Reblogs for 20100813

  • 15 Pieces of Papers Under Creative Commons License (Attribution Non-Commercial Share Alike)

    Naoyoshi Hikosaka, contemporary artist, decided to put together a show called the Free Art Exhibition so I decided to participate.

    The exhibiting art works must be free to give away.
    It wasn’t easy to think of free art using the old technology which can not be digitally copied. As a proud member of Tokyo F.A.T., I wanted to create something symbolic!

    by-nc-sa

    So here is what I did. First I designed a symbol with CC license marks and its meta data (see SVG data here), pressed it on 15 real bills, and of course signed my name on each of them. In a way, copy-lefted the bills. I own the author’s copyright of the bills and at the same time they are completely free!

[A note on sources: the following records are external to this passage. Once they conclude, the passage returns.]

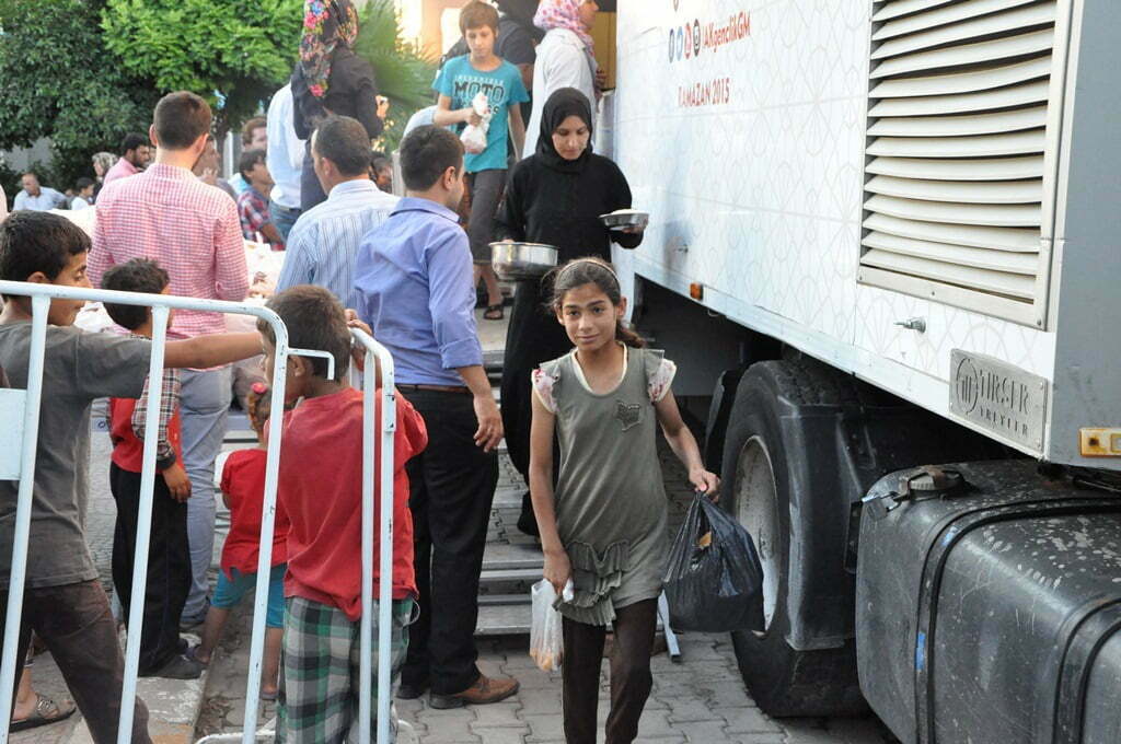 AK Parti Gençlik Kolları Genel Merkezi’nin Suriyeli sığınmacıların yoğunlukta yaşadığı yerlerde geçici aşevi olarak hizmet verecek olan TIR’ı, dün ilk olarak Hatay’ın Reyhanlı ilçesinde yemek dağıttı. Reyhanlı Belediye binası önünde konuşlanan TIR’dan iftar saatinde, Suriyeli sığınmacılar olmak üzere 2 bin 500 kişiye yemek verildi.
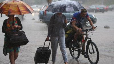 Первый с конца июня ливень в Москве залил несколько улиц. Об этом пишут в соцсетях.
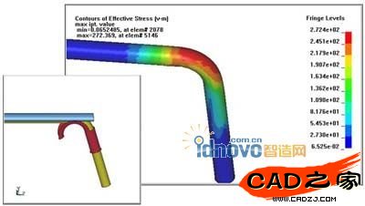 以圓管90°模具繞彎加工為例,在TrueGrid中建立幾何以及網格模型,定義剛體模具材料屬性以及變形彎管的材料屬性,定義part間的運動關系以及邊界條件。此網格模型包含了4個part,3600個變形體殼單元以及680個剛體殼單元。TrueGrid前處理完畢后即生成K文件,通過運行LS-DYNA求解器,調用K文件即可對該模型進行求解計算。圖9中顯示了該模型的計算結果。
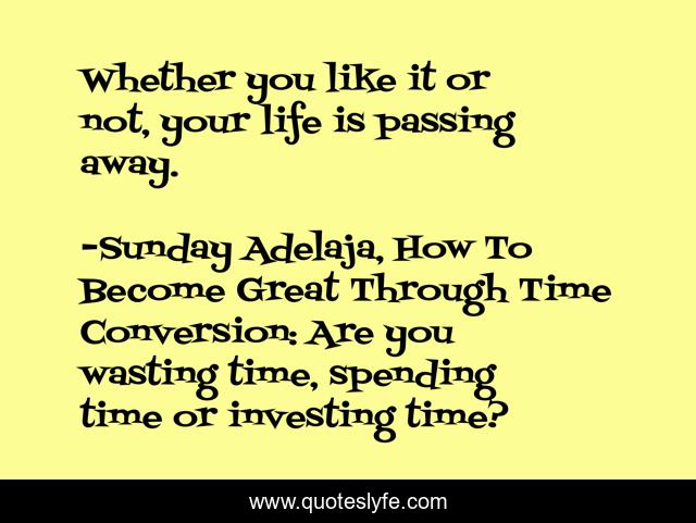 This page presents the quote "Whether you like it or not, your life is passing away.". Author of this quote is Sunday Adelaja, How To Become Great Through Time Conversion: Are you wasting time, spending time or investing time?. This quote is about great, productivity, wealth, gift, purpose, work, life, convert, value,.
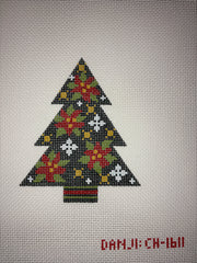 CH-1611 Tree with Poinsettia , 13 mesh, Handpainted by Danji Designs, Design Size: 5.5 x 4.5"
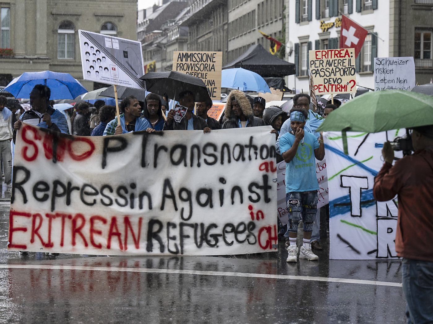 (Keystone-SDA) Etwa 800 regimekritische Eritreer haben am Samstag in Bern für ihre Rechte demonstriert. Sie forderten die Schweiz auf, ihnen Schutz zu gewähren anstatt sie zu diskriminieren.
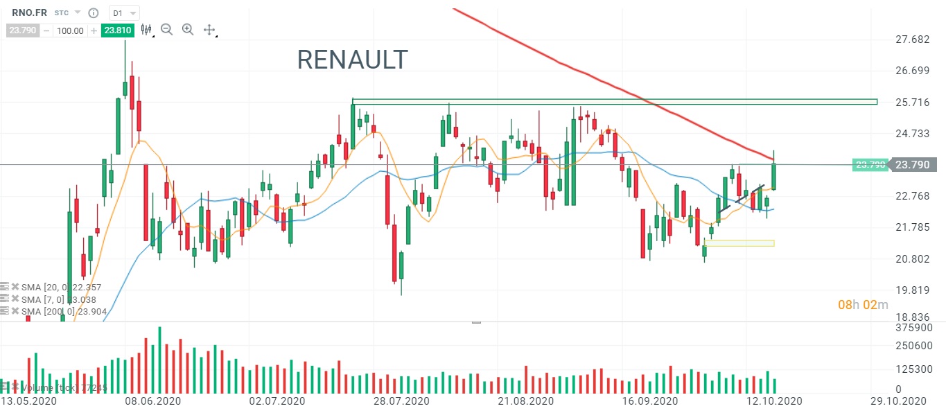 L'amélioration des ventes pour le secteur automobile a permis à la valeur Renault (RNO.FR) de se hisser au contact de sa moyenne mobile à 200 jours. En cas de franchissement de cette dernière, la prochaine résistance est à 25,60€, soit le sommet du 8 septembre. Source : xStation5
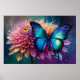Affiche Papillon bleu et Dahlia

    15 Pieces of Papers Under Creative Commons License (Attribution Non-Commercial Share Alike)

    I completed the work by lightly gluing the bills on a canvas.
    Anybody can take it and leave. I also exhibited the stamp it self so that anybody can stamp it on his money or on himself.

    If you want to make your own money in your own country, the idea is for free.

    The Exhibition is until the 22th of August.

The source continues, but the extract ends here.